■ Brief: Reproduce the lines below exactly. Begin with the first, end with the line containing "據介紹,事故發生在4月7日晚", and leave out the pictures.
** Opening Material supplied block **
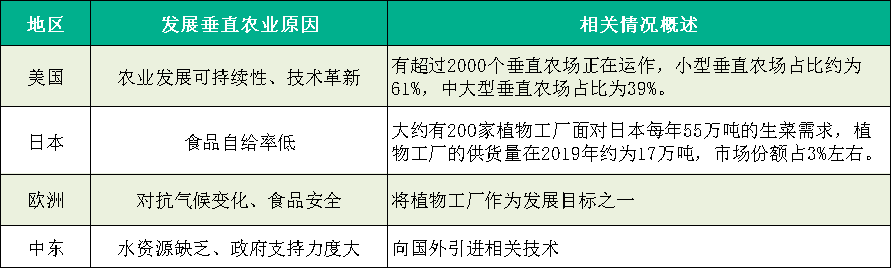 图:部分地区和国家发展垂直农业概况一览,数据来源:PlugandPlay
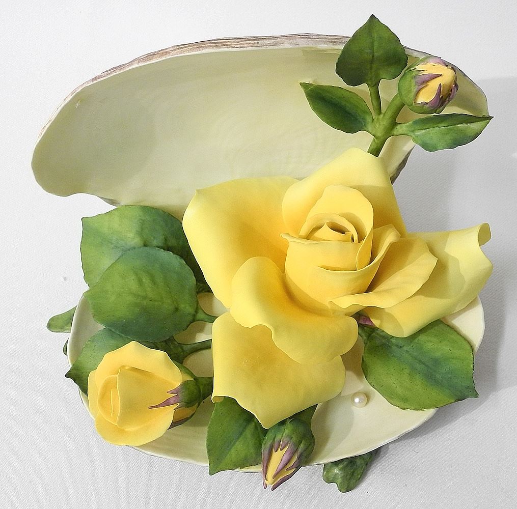 Boehm Bone Porcelain Collection, "Yellow Rose in Oyster Shell", 7 1/2".
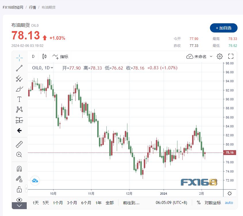 布伦特原油期货收涨0.9%,或0.66美元/桶,收报77.99美元/桶。截至发稿,现报78.13美元/桶,涨幅1.03%。
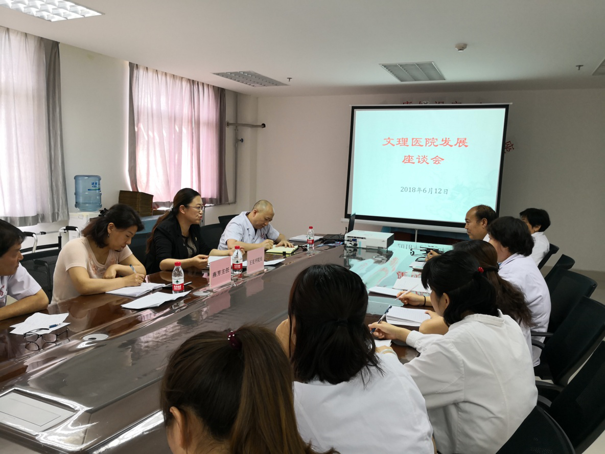为了促进文理医院快速发展,6月12日下午,医联体办公室牵头在文理医院五楼会议室组织召开了“找问题 补短板 促发展”为主题的文理发展职工座谈会,文理医院院长王克平带病主持会议。文理医院中层管理人员、副高以上职称、研究生以上学历、医技科室负责人、公卫专干及护理人员代表等共计30余人参加会议。
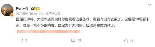 此前9月5日首轮国足客场对阵日本,央视没有转播这场比赛,此后央视发布声明,解释称“深知18强赛重要性,虽反复争取,但对方版权报价极度畸高”,目前仍在与各方持续沟通,争取尽快获得中国队参赛的场次版权,及时播出比赛。
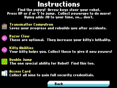 《救小狗的机器人》是《机器人救小猫的续作》,是一款以复古像素构图的冒险动作游戏。一开始玩家的机器人只能左右移动,玩家必须要利用道具来提升小猫的能力,利用小猫攻击敌人。游戏的地图就只有一个,玩家要在这个大地图中慢慢找出关键救出小狗。本次在冒险进行中都有纪录点,当碰到敌人死掉时,会回到纪录点重新开始,但还是会增加10秒的冒险时间,玩家可以在画面的左上角看到用了多少时间来过关。 小猫的攻击非常可爱,敌人也很搞笑,整体来说算是一款很好玩的冒险动作小游戏喔。
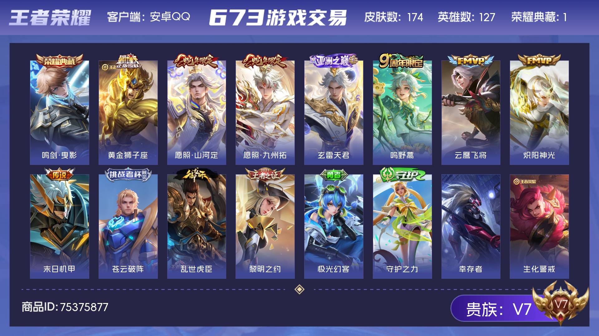 V7 皮肤174 英雄127 永恒钻石 荣耀典藏1 传说8 其他皮肤171
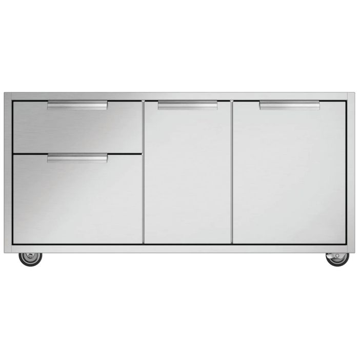 The DCS CAD grill cart is constructed of 18 gauge, 304 grade stainless steel and features a pull-out propane tank storage bin, one small drawer for holding grilling tools, and one large drawer for holding larger items such as wood chips or grill cover. The larger drawer can also be filled with ice to keep drinks or meats chilled. For use with 48-Inch Series 7 and Series 9 grill heads.
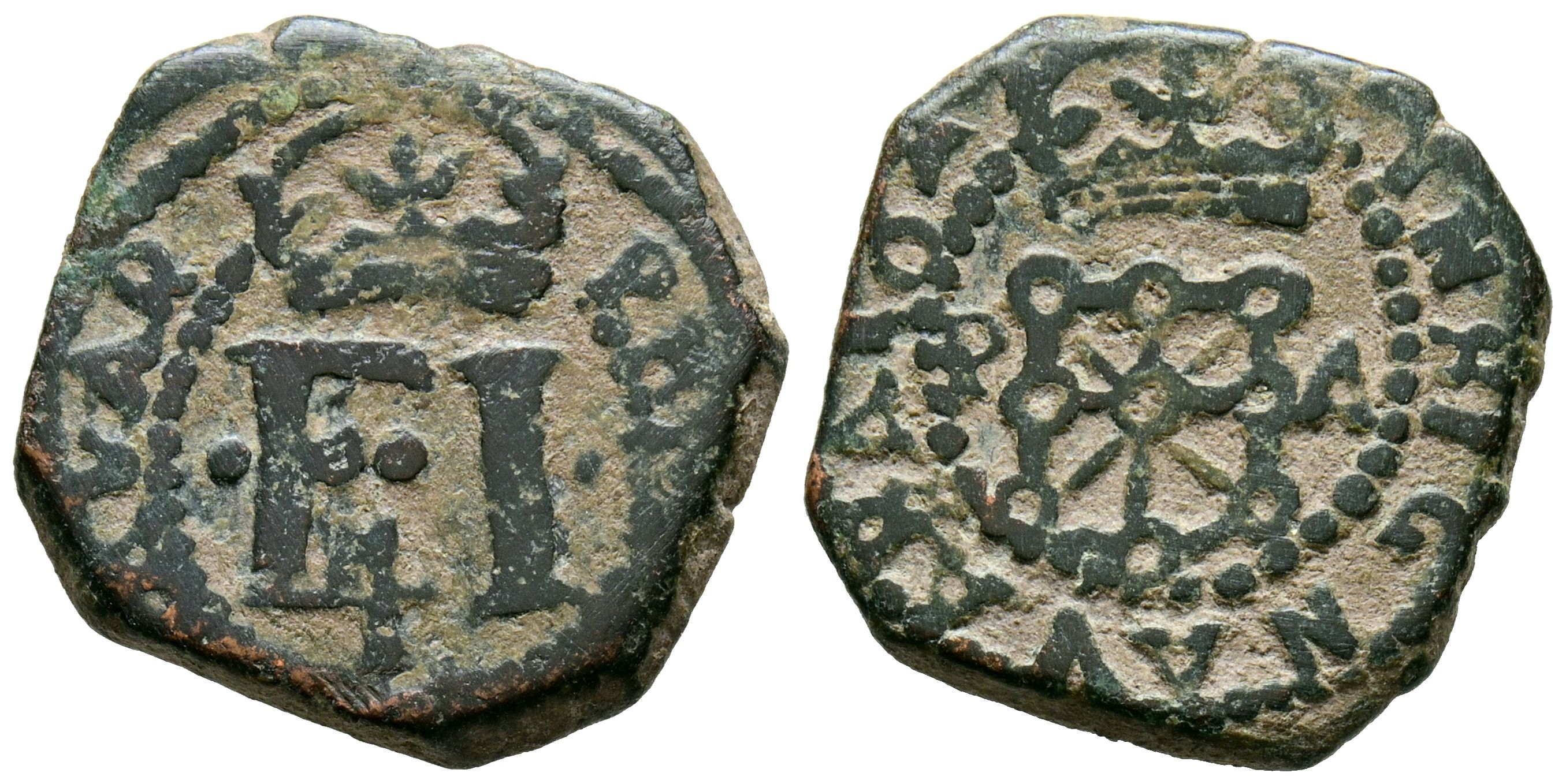 PHILIP IV (1621-1665). 4 Cornados. (Ae. 3.61g/18mm). 1624? (last digit of the date barely visible). Pamplona. (Cal-2019-Type 19). VF.
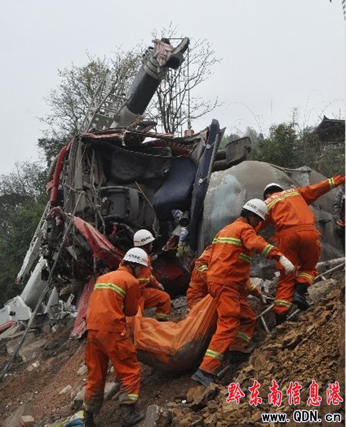 據介紹,事故發生在4月7日晚10時許,肇事罐車由凱里運載水泥前往榕江高速鐵路建設工地,車貨總重近70噸(其中車身19噸)。11時10分許,車輛行至事發處,傳動軸突然斷裂,導致車輛失控,駕駛員見狀立即啟動了應急燈,但來不及了,一輛迎面駛來的面包車被其撞擊,嚴重變形,導致3人受傷。肇事后,罐車隨即翻了幾個滾,一頭扎進十幾米外的凱里市三棵樹鎮瓦寨村委會的辦公樓里,車上的2名司乘人員當場死亡。另據介紹,事故正在發生時,當地一名張姓青年騎摩托車路過。幸好他的車輛在與現場還有20多米的距離,否則,這位青年就會被卷入事故中。
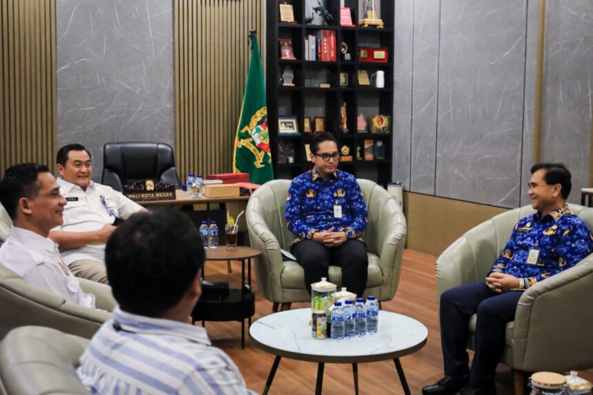 Medan,-Wali Kota Medan Rico Tri Putra Bayu Waas menerima kunjungan Kepala Badan Narkotika Nasional (BNN) Provinsi Sumut, Brigjend Pol Tatar Nugroho di rumah dinas Wali Kota, Rabu (17/12/25).
** Closing Material supplied block **
■ Finished task:
 图:部分地区和国家发展垂直农业概况一览,数据来源:PlugandPlay
 Boehm Bone Porcelain Collection, "Yellow Rose in Oyster Shell", 7 1/2".
 布伦特原油期货收涨0.9%,或0.66美元/桶,收报77.99美元/桶。截至发稿,现报78.13美元/桶,涨幅1.03%。
为了促进文理医院快速发展,6月12日下午,医联体办公室牵头在文理医院五楼会议室组织召开了“找问题 补短板 促发展”为主题的文理发展职工座谈会,文理医院院长王克平带病主持会议。文理医院中层管理人员、副高以上职称、研究生以上学历、医技科室负责人、公卫专干及护理人员代表等共计30余人参加会议。
 此前9月5日首轮国足客场对阵日本,央视没有转播这场比赛,此后央视发布声明,解释称“深知18强赛重要性,虽反复争取,但对方版权报价极度畸高”,目前仍在与各方持续沟通,争取尽快获得中国队参赛的场次版权,及时播出比赛。
 《救小狗的机器人》是《机器人救小猫的续作》,是一款以复古像素构图的冒险动作游戏。一开始玩家的机器人只能左右移动,玩家必须要利用道具来提升小猫的能力,利用小猫攻击敌人。游戏的地图就只有一个,玩家要在这个大地图中慢慢找出关键救出小狗。本次在冒险进行中都有纪录点,当碰到敌人死掉时,会回到纪录点重新开始,但还是会增加10秒的冒险时间,玩家可以在画面的左上角看到用了多少时间来过关。 小猫的攻击非常可爱,敌人也很搞笑,整体来说算是一款很好玩的冒险动作小游戏喔。
 V7 皮肤174 英雄127 永恒钻石 荣耀典藏1 传说8 其他皮肤171
 The DCS CAD grill cart is constructed of 18 gauge, 304 grade stainless steel and features a pull-out propane tank storage bin, one small drawer for holding grilling tools, and one large drawer for holding larger items such as wood chips or grill cover. The larger drawer can also be filled with ice to keep drinks or meats chilled. For use with 48-Inch Series 7 and Series 9 grill heads.
 PHILIP IV (1621-1665). 4 Cornados. (Ae. 3.61g/18mm). 1624? (last digit of the date barely visible). Pamplona. (Cal-2019-Type 19). VF.
 據介紹,事故發生在4月7日晚10時許,肇事罐車由凱里運載水泥前往榕江高速鐵路建設工地,車貨總重近70噸(其中車身19噸)。11時10分許,車輛行至事發處,傳動軸突然斷裂,導致車輛失控,駕駛員見狀立即啟動了應急燈,但來不及了,一輛迎面駛來的面包車被其撞擊,嚴重變形,導致3人受傷。肇事后,罐車隨即翻了幾個滾,一頭扎進十幾米外的凱里市三棵樹鎮瓦寨村委會的辦公樓里,車上的2名司乘人員當場死亡。另據介紹,事故正在發生時,當地一名張姓青年騎摩托車路過。幸好他的車輛在與現場還有20多米的距離,否則,這位青年就會被卷入事故中。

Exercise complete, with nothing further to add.